§ **PROBLEM**:
Would you transcribe the entries below, beginning at the line with "Promoção Super Mãe" and ending after the line with "Die Möglichkeit zum", exactly, with no picture and nothing more?

§ **DATASET CONTENT**:
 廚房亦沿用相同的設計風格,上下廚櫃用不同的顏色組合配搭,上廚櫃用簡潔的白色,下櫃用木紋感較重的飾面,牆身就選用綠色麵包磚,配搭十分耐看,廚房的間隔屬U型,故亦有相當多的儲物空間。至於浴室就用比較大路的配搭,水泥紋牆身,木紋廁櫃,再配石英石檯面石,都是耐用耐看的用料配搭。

--

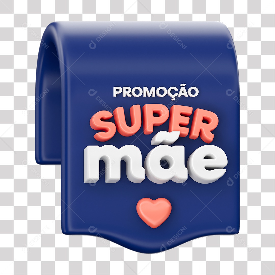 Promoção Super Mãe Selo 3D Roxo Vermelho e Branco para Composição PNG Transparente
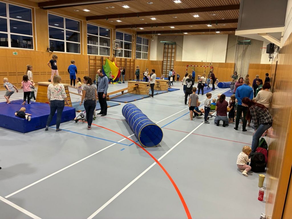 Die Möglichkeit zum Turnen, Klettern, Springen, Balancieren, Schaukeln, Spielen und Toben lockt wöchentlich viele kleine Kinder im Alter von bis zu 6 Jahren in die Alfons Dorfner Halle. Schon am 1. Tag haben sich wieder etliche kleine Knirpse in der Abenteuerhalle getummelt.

§ **ANSWER TO THIS TASK**:
 Promoção Super Mãe Selo 3D Roxo Vermelho e Branco para Composição PNG Transparente
 Die Möglichkeit zum Turnen, Klettern, Springen, Balancieren, Schaukeln, Spielen und Toben lockt wöchentlich viele kleine Kinder im Alter von bis zu 6 Jahren in die Alfons Dorfner Halle. Schon am 1. Tag haben sich wieder etliche kleine Knirpse in der Abenteuerhalle getummelt.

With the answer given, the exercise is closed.